Autor

K. O.

 

Data

5 de Setembro de 1999

 

Secção

Policiário [425]

 

Competição

Torneio “Fórmula 1”

Torneio “Detective Said”

Prova nº 2

 

Publicação

Público

 

 

APARECIMENTO INOPORTUNO

K. O.

Dedicado a Severina

Pela calada da noite, estacionaram o carro a uma distância prudente do apartamento dela. Dirigiram-se para lá – corações em sobressalto – em passadas comedidas. Quando ela abriu a porta da rua, ele olhou para todos os lados. Ninguém. Subiram pé ante pé ao 1º andar. Entraram em casa.

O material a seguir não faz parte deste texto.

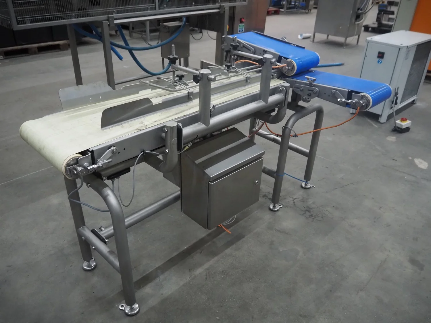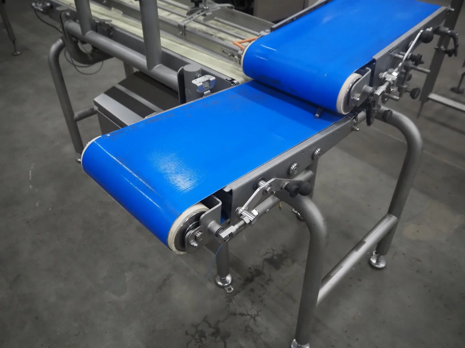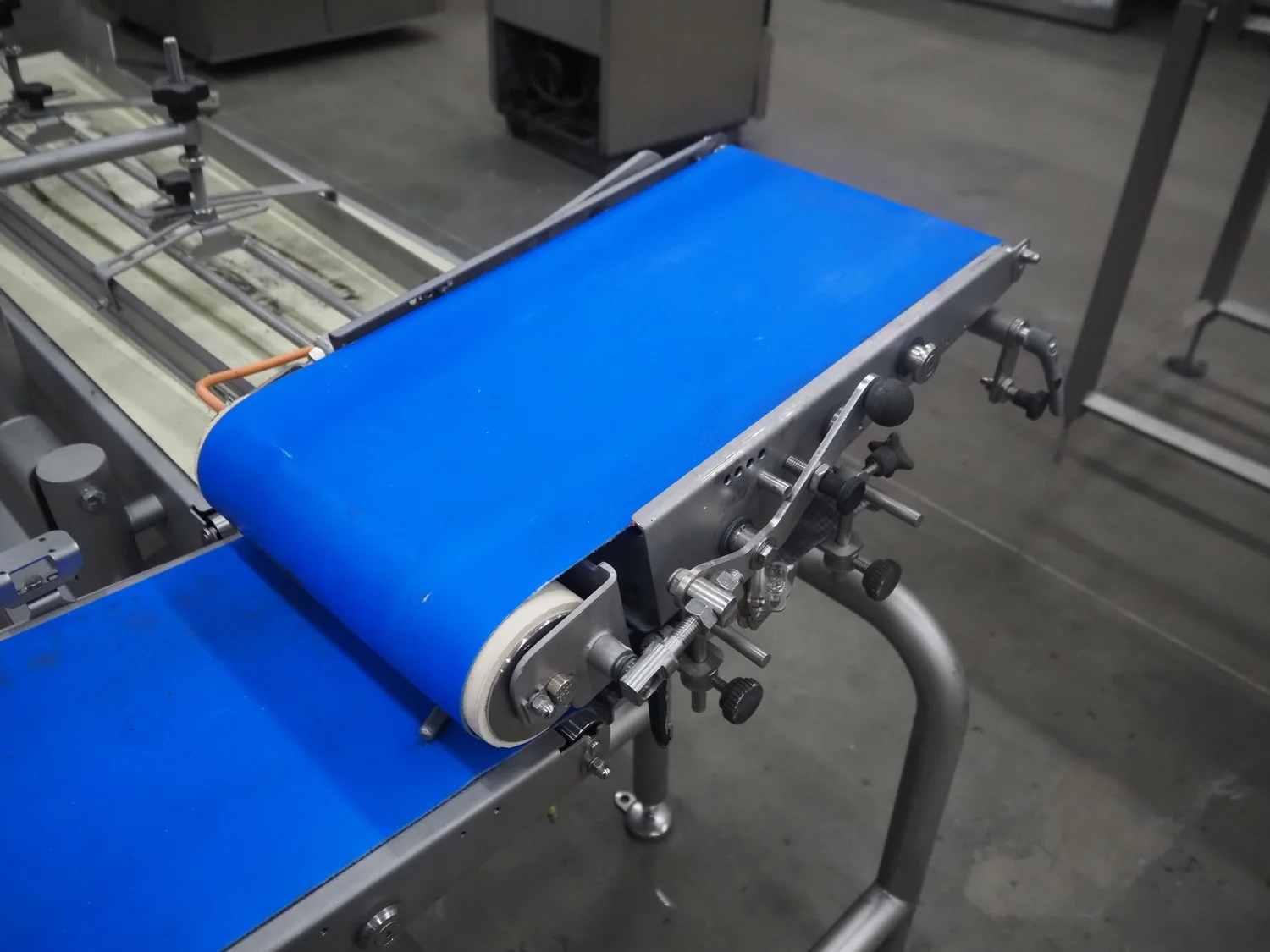 Intray placing belt, type: easy loader, serial number: H-15015, year of construction: 2015, 230 V, 50 Hz, s/s frame, plastic belt, belt width: 370 mm and 375 mm, total dimensions: 1750 mm x 950 mm x 1080 mm.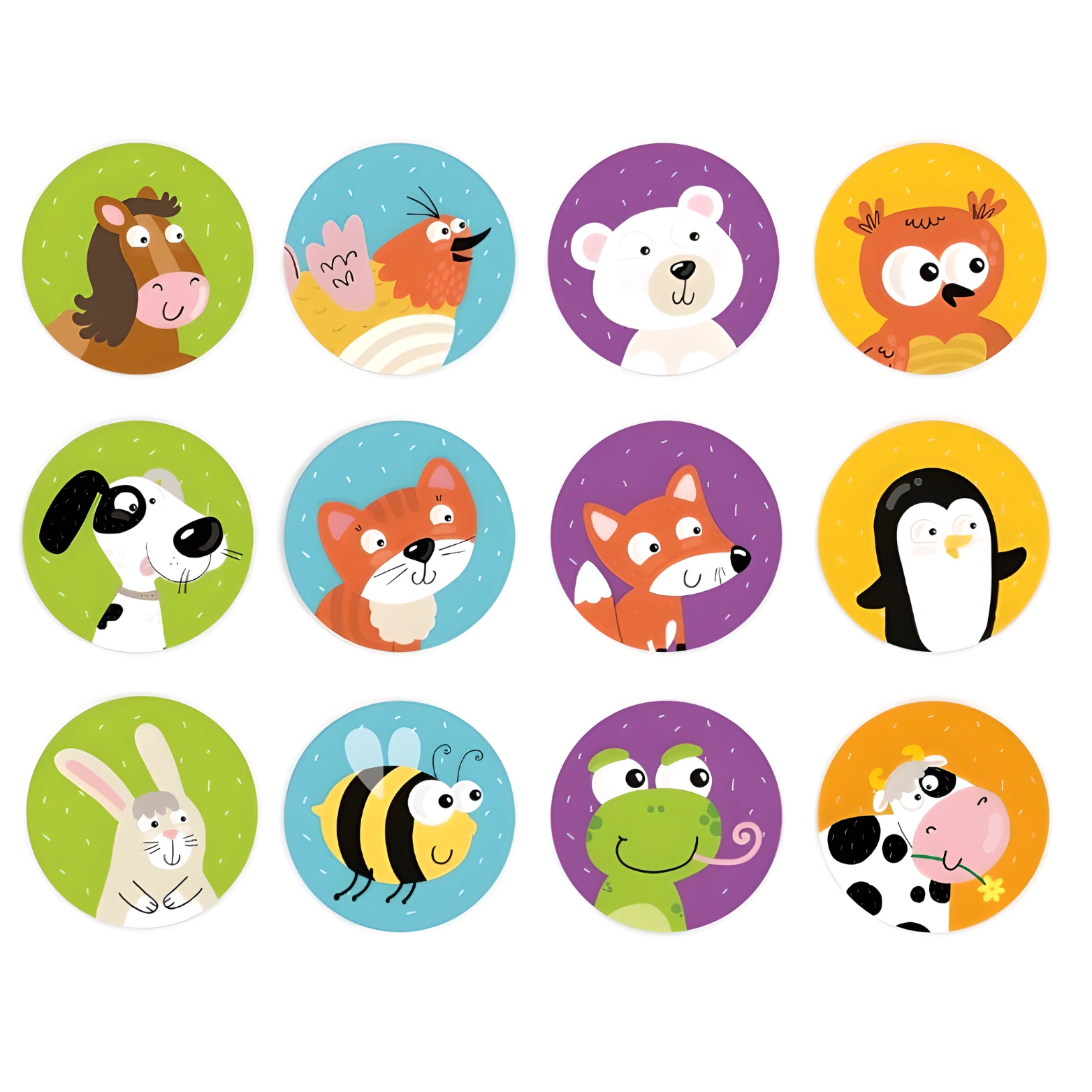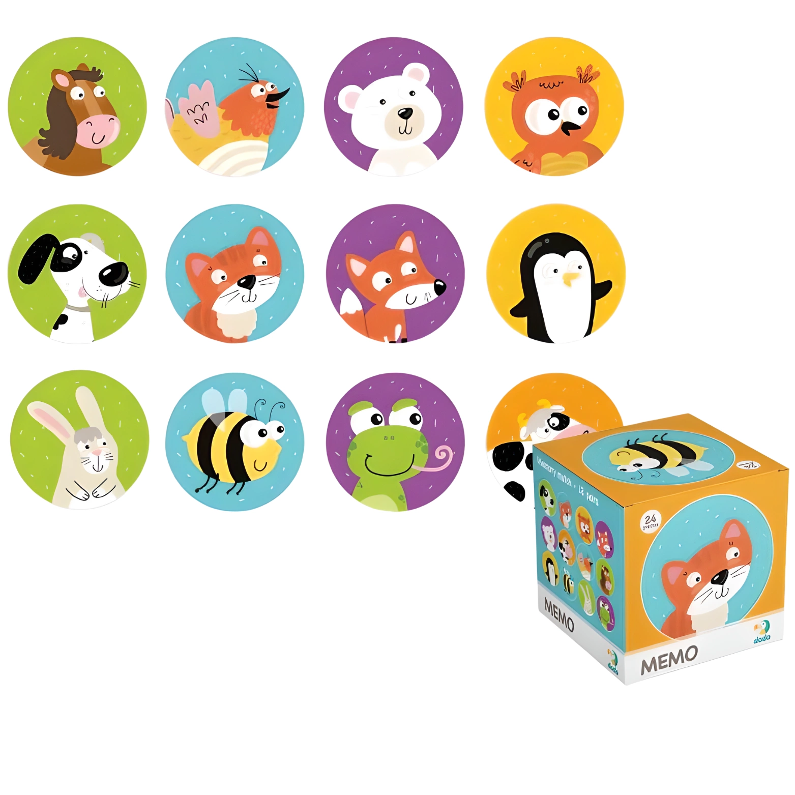 Zestaw zawiera 24 kartoniki do gry - każda para kartoników przedstawia inne urocze zwierzątko, tworząc 12 par do odnalezienia.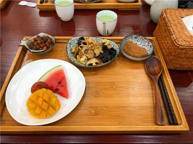 素面,黑椒杏鲍菇,藜麦焗番茄,咖喱角配素鸡块,菌菇汤,凉拌黑木耳,花山乌米饭,炸藕饼,五福袋,素鲍鱼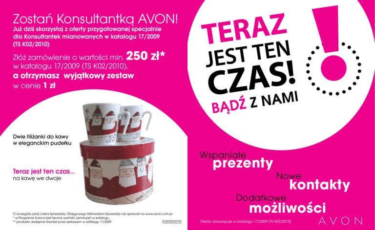 Zostań Konsultantką AVON! Już dziś skorzystaj z oferty przygotowanej specjalnie dla Konsultantek mianowanych w katalogu 17/2009 (TS K02/2010) 250 zł* Złóż zamówienie o wartości min. w katalogu 17/2009 (TS K02/2010), a otrzymasz wyjątkowy zestaw w cenie 1 zł Dwie filiżanki do kawy w eleganckim pudełku Wspaniałe prezenty Teraz jest ten czas… na kawę we dwoje Nowe kontakty Dodatkowe O szczegóły pytaj Lidera Sprzedaży, Okręgowego Menedżera Sprzedaży lub sprawdź na www.avon.com.pl * w Programie liczona jest łączna wartość zamówień w katalogu PL 9 9 9 2 ** produkty dostępne również poza zestawem w katalogu 17/2009 możliwości 2 7 9 Oferta obowiązuje w katalogu 17/2009 (TS K02/2010) Prosty sposób Zachęć przyjaciółkę, aby dołączyła do AVON na złożenie zamówienia o wartości min. 250 zł! Jeżeli w katalogu 17/2009 polecona przez Ciebie Konsultantka złoży zamówienie o wartości min. 250 zł*, otrzymasz wyjątkowy zestaw w cenie 1 zł kod zestawu 7396 5 Zamów proponowany zestaw produktów** z katalogu 17/2009 w cenie 262,30 zł Zestaw dostępny w K17/2009 (TS K02/2010) Dwie filiżanki do kawy w eleganckim pudełku Teraz jest ten czas… na kawę we dwoje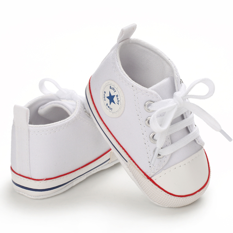 · FASHION : Classic star high top ankle style,Fashion and Casual Lace up sneakers,it's popular with your child.Cute style suit for indoor walking,crawling,playing ect.Best shower birthday gift for newborn.
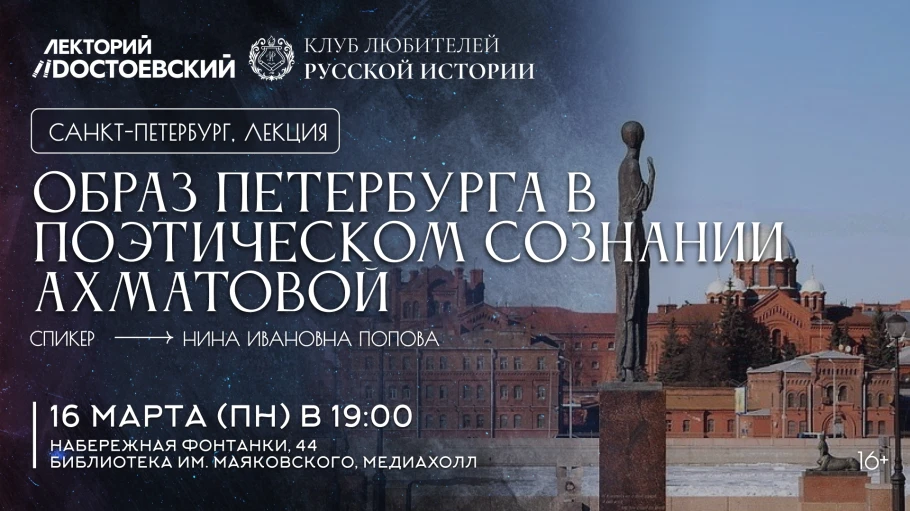 Погрузимся в эволюцию образа! От ранних сборников, где город связан с Пушкиным, до трагедии 1930-х — когда Ахматова отвечает на вопрос «А это вы можете описать?» и создаёт шедевр о сталинском ужасе. Увидите, как Фонтанный Дом открывает глубину исторического времени, память о живых и ушедших. Прочувствуете девиз «Бог сохраняет всё» — из герба Шереметевых — как поэтический взгляд Ахматовой на драматическую историю Петербурга и человечества.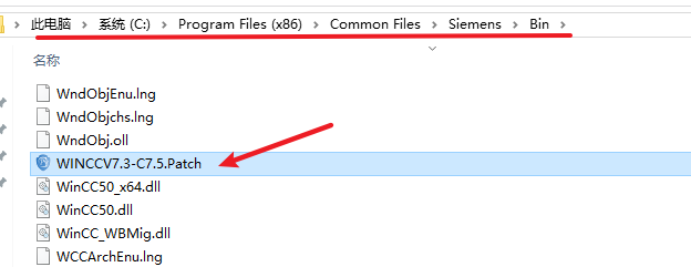 18.返回安装文件夹,双击打开“WinCC7.4Patch”复制“WinCCV7.3-V7.5.Patch”文件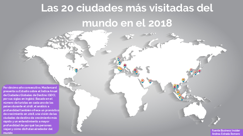 Por décimo año consecutivo, Mastercard presenta su Estudio sobre el Índice Anual de Ciudades Globales de Destino (GDCI, por sus siglas en inglés). Basado en el número de turistas en cada uno de los países durante el 2018, el análisis a profundidad también ofrece un pronóstico de crecimiento en 2018, una visión de las ciudades de destino de crecimiento más rápido y un entendimiento a mayor profundidad de por qué las personas viajan y cómo disfrutan alrededor del mundo

Iam só buscar umas roupas indispensáveis para ela. Não podiam demorar-se. Se o marido aparecesse, o problema seria verdadeiramente grave. Ela ainda sentia no corpo os últimos golpes; as marcas das sevícias estavam bem visíveis por todo o corpo. O marido era de uma violência inultrapassável. E de uns ciúmes loucos. E quando bebia – e bebia muitas vezes, quase diariamente –, nada nem ninguém o conseguia enfrentar, muito menos conter. À menor suspeita, zurzia nela. Batia primeiro e nem perguntava depois. Tentara já separar-se, mas vira-se obrigada a regressar à casa comum devido às ameaças dele.

Com este seu novo amigo – o que a acompanhava nesta noite, em cuja casa procurara refúgio –, e era então apenas um amigo, nada além disso, houvera grossa bernarda uma vez em que os encontrara juntos num café. O marido agredira-a e agredira o outro quando este tentara intervir. Tinham ido todos parar à esquadra. Uma vergonha para o outro, que fora identificado a preceito e ficara com ficha.

Mas nem por isso deixara de a apoiar. Graças a Deus. Com estes pensamentos bailando-lhe na cabeça, ia deitando umas roupas num saco, rapidamente. Ai se o marido aparecia!

E apareceu. Bastão de basebol na mão (não que jogasse este jogo, mas como arma de agressão que sempre o acompanhava), meio toldado pelo álcool. Ao vê-los, gritou logo, enfurecido: ‘Eu bem sabia, minha cabra. Cá estás tu com o teu amante. Nada te serve de emenda. Tens de levar nova dose, a de ontem não te chegou. E esse sacana também!’

Balançou violentamente o bastão para acertar no corpo dela, mas, ébrio como estava, não acertou na rapariga e desequilibrou-se. O rapaz aproveitou a oportunidade inesperada e aplicou-lhe potente soco no queixo, o que o fez cair largando o bastão. Levantou-se, desengonçado, resmoneando ameaças. E atirou-se violentamente ao rapaz. ‘Vou-te matar!’, gritava.

O rapaz agarrou então no bastão e deu-lhe forte pancada na cabeça. O outro caiu, cabeça aberta. Teve morte imediata.

Rapaz e rapariga entreolharam-se. Aquilo não estava nos seus planos. O destino virara-se, uma vez mais, contra ela. E também contra ele. Ia ser acusado de homicídio. Talvez não premeditado, mas da cadeia ninguém o livrava. Ele há dias…

Então, a rapariga disse: ‘Vai-te embora, desaparece. Não podes ser encontrado aqui. Seria o teu fim. A mim não, não me vão condenar. Será legítima defesa. Terei todas as atenuantes, atendendo às constantes sevícias de que era alvo por parte dele. Vai, anda, encontro-me contigo na tua casa.’ E tirou-lhe o bastão das mãos.

O rapaz ainda hesitou um pouco, mas lá saiu porta fora, sem olhar para trás.

A rapariga ainda esperou uns minutos. Depois, discou o 112.

Dias depois, a rapariga é interrogada por um investigador da Judiciária. Descreve a cena do aparecimento do marido quando metia alguma roupa no saco, fala das ameaças e da tentativa de agressão. Repete a história das sevícias que há tanto tempo se prolongavam. Sem falso pudor, mostra as marcas pelo corpo todo.

O investigador é compreensivo com a situação. Humano. Mas conclui: ‘A senhora podia ter as maiores razões de queixa do morto, poderia ter todas as justificações para lhe bater com o bastão em legítima defesa. Mas não está a contar a verdade, a verdade toda. Não só não estava sozinha quando o seu marido apareceu, como foi outra pessoa que o agrediu.’

 

Nós, que conhecemos a história toda, sabemos que o investigador está coberto de razão. Mas precisamos de saber em que dados ele se baseou para emitir aquela afirmação.

Solicita-se, pois, aos decifradores que nos dêem conta do raciocínio do investigador que lhe possibilitou produzir uma tal conclusão.